*** Raw data ***

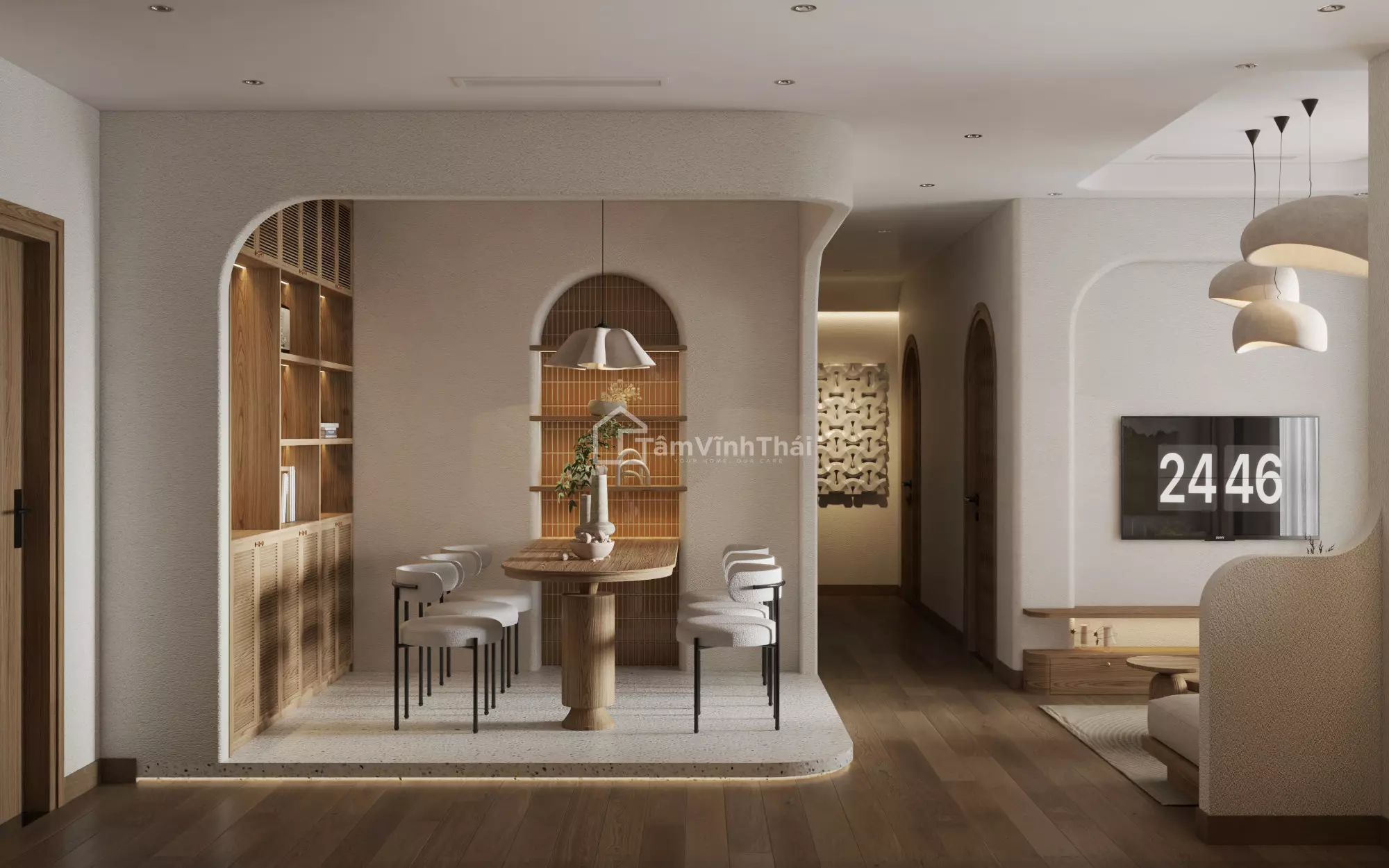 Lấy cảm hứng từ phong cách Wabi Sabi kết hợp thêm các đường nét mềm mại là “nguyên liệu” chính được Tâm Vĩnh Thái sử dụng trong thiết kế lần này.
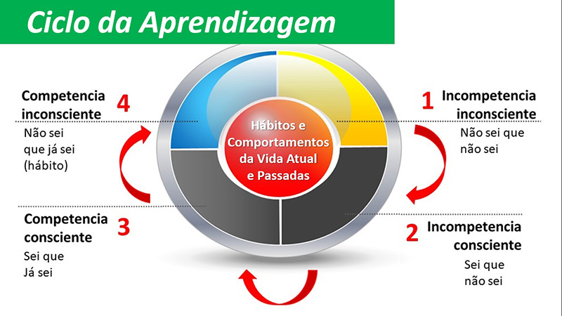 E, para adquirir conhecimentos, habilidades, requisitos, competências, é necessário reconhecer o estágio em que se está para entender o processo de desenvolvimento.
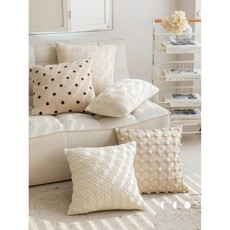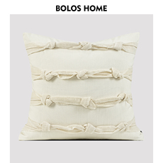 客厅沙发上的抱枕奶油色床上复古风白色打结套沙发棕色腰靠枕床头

*** End of Raw data ***
*** Raw data ***

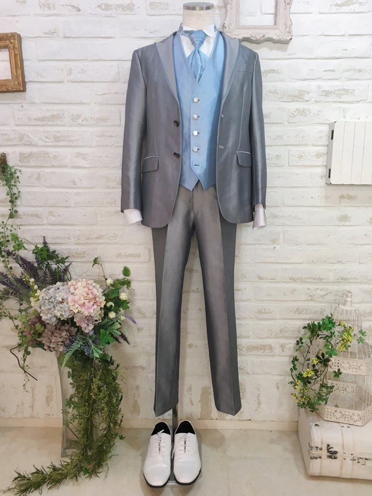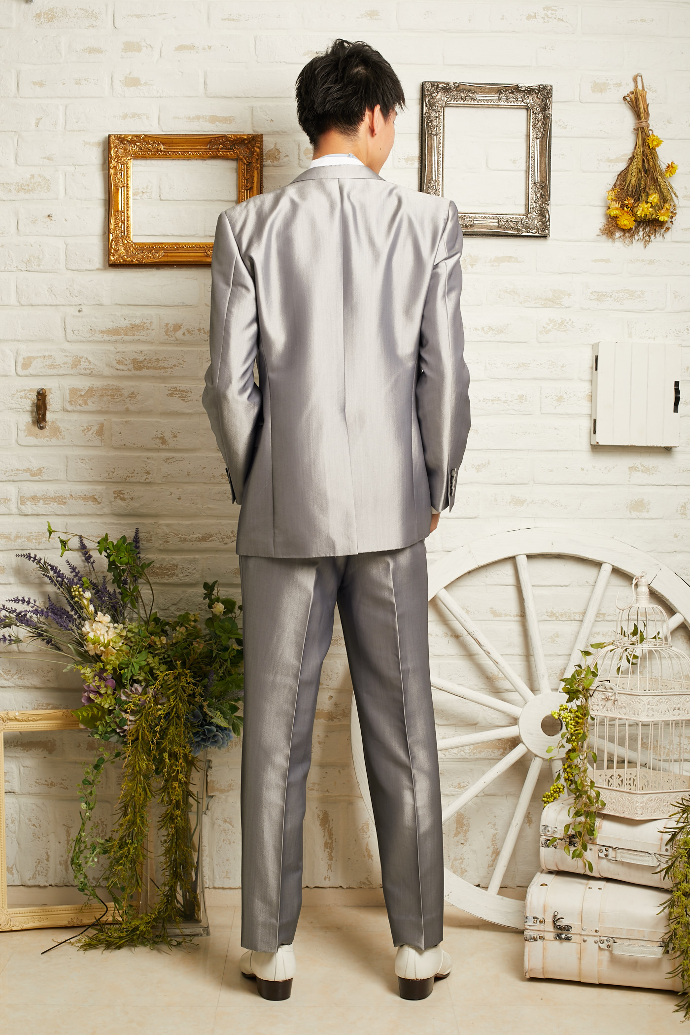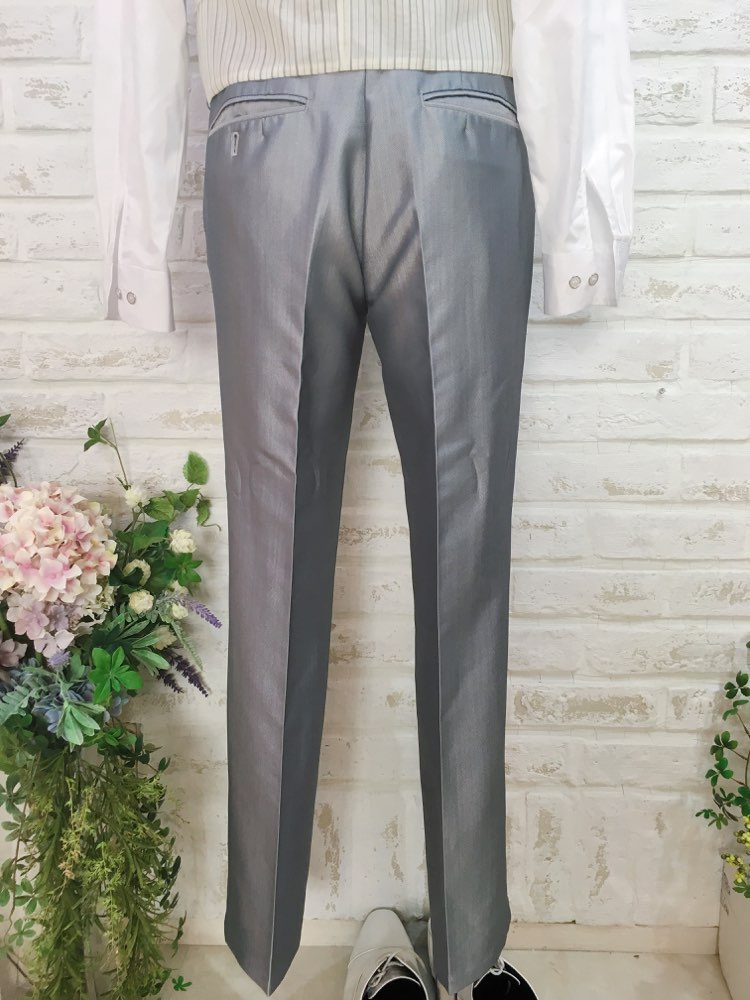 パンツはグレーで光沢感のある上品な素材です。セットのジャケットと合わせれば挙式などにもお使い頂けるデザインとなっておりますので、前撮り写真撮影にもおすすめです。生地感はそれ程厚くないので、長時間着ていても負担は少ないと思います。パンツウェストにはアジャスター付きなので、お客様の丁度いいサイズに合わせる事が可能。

*** End of Raw data ***

-- What this task involves --
Everything from the line with "E, para adquirir" through the line with "客厅沙发上的抱枕奶油色床上复古风白色打结套沙发棕色腰靠枕床头" in the material above should be transcribed exactly, except the pictures.

-- Completed exercise --
 E, para adquirir conhecimentos, habilidades, requisitos, competências, é necessário reconhecer o estágio em que se está para entender o processo de desenvolvimento.
 客厅沙发上的抱枕奶油色床上复古风白色打结套沙发棕色腰靠枕床头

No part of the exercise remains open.